> **Task description**: The material below holds pictures, which are to be left out; copy exactly the lines from the one with "16 ARALIK 2001" through the one with "Home | Fashion".

> **Extracted information**:

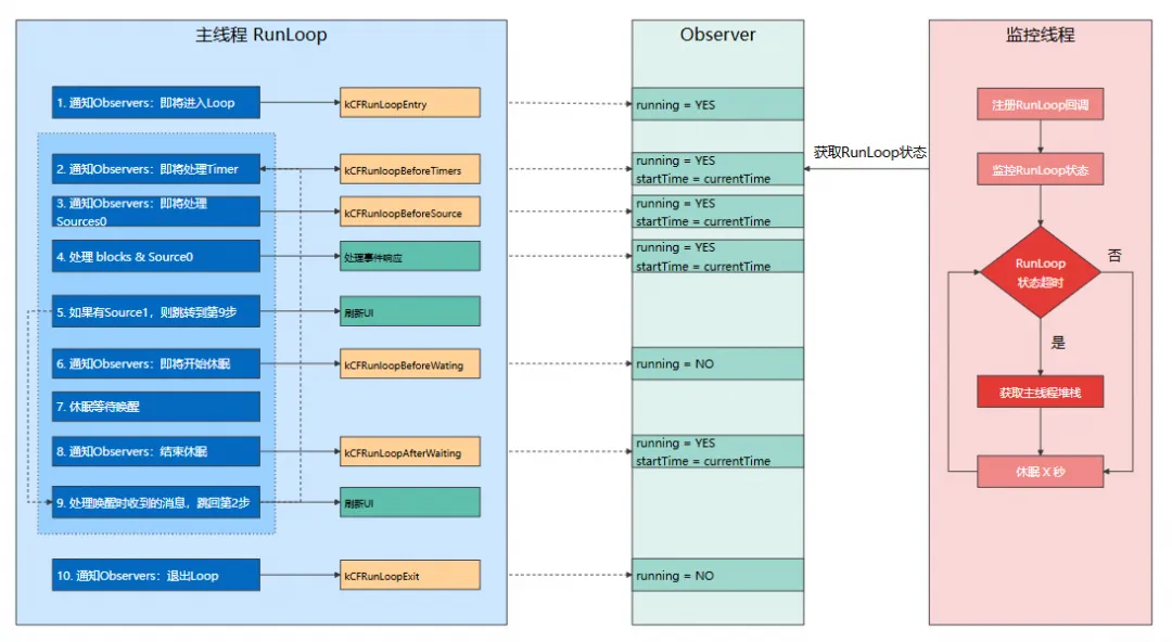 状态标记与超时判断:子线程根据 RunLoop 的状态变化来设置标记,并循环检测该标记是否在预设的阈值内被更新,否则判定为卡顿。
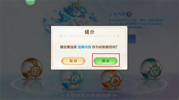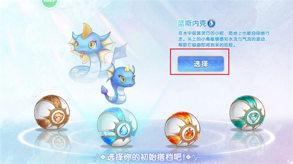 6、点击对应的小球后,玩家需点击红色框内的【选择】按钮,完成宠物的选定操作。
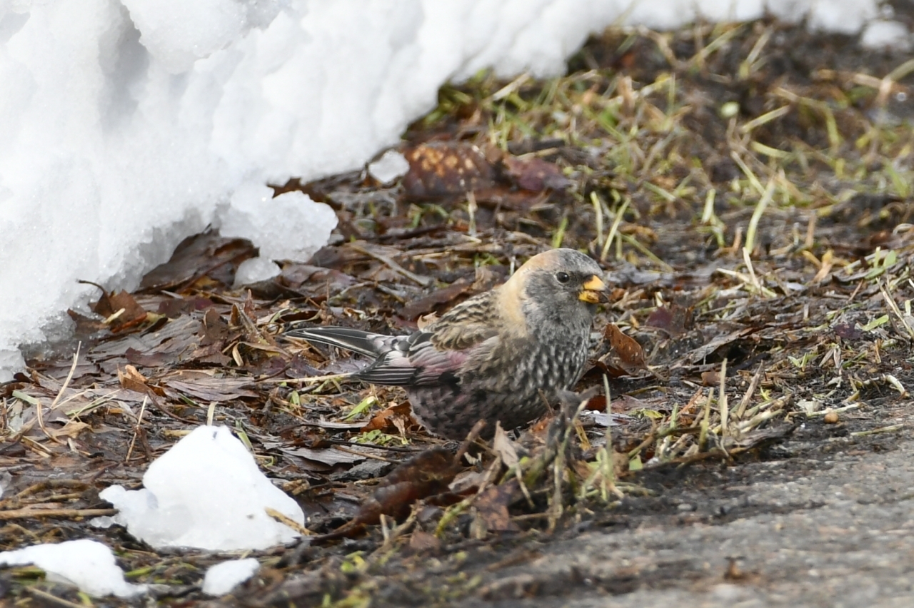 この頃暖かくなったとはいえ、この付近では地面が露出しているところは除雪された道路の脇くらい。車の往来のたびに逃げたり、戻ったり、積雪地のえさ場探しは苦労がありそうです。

---

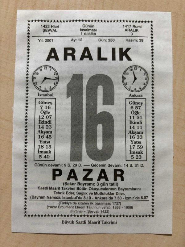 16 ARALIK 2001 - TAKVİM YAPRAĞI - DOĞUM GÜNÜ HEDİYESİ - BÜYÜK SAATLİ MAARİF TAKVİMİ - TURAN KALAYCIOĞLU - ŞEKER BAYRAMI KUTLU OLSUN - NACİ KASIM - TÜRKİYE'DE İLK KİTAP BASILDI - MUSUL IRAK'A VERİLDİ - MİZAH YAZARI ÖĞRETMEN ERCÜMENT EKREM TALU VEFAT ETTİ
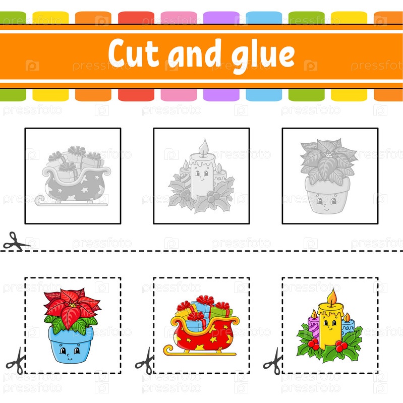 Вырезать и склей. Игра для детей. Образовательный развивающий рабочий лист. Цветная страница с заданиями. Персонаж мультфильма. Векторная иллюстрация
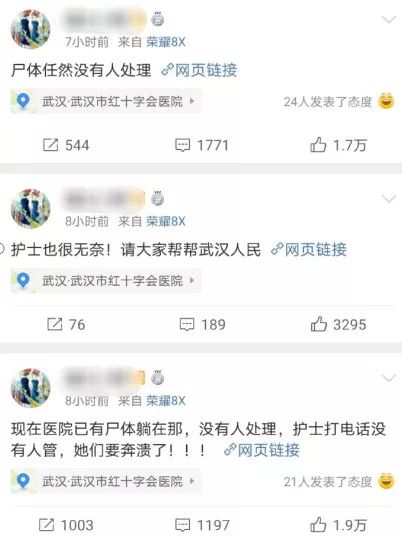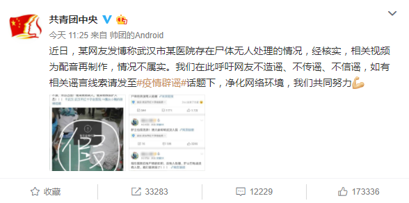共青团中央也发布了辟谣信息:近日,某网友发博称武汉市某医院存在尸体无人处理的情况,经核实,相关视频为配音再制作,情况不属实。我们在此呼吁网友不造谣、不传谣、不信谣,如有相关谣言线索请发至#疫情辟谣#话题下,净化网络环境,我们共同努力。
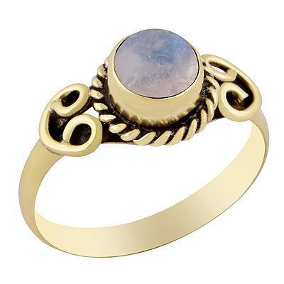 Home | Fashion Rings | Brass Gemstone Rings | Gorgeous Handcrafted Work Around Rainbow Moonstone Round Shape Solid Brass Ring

---

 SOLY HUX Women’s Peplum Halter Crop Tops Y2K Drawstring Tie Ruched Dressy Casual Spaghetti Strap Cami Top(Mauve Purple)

> **Your response**:
 16 ARALIK 2001 - TAKVİM YAPRAĞI - DOĞUM GÜNÜ HEDİYESİ - BÜYÜK SAATLİ MAARİF TAKVİMİ - TURAN KALAYCIOĞLU - ŞEKER BAYRAMI KUTLU OLSUN - NACİ KASIM - TÜRKİYE'DE İLK KİTAP BASILDI - MUSUL IRAK'A VERİLDİ - MİZAH YAZARI ÖĞRETMEN ERCÜMENT EKREM TALU VEFAT ETTİ
 Вырезать и склей. Игра для детей. Образовательный развивающий рабочий лист. Цветная страница с заданиями. Персонаж мультфильма. Векторная иллюстрация
共青团中央也发布了辟谣信息:近日,某网友发博称武汉市某医院存在尸体无人处理的情况,经核实,相关视频为配音再制作,情况不属实。我们在此呼吁网友不造谣、不传谣、不信谣,如有相关谣言线索请发至#疫情辟谣#话题下,净化网络环境,我们共同努力。
 Home | Fashion Rings | Brass Gemstone Rings | Gorgeous Handcrafted Work Around Rainbow Moonstone Round Shape Solid Brass Ring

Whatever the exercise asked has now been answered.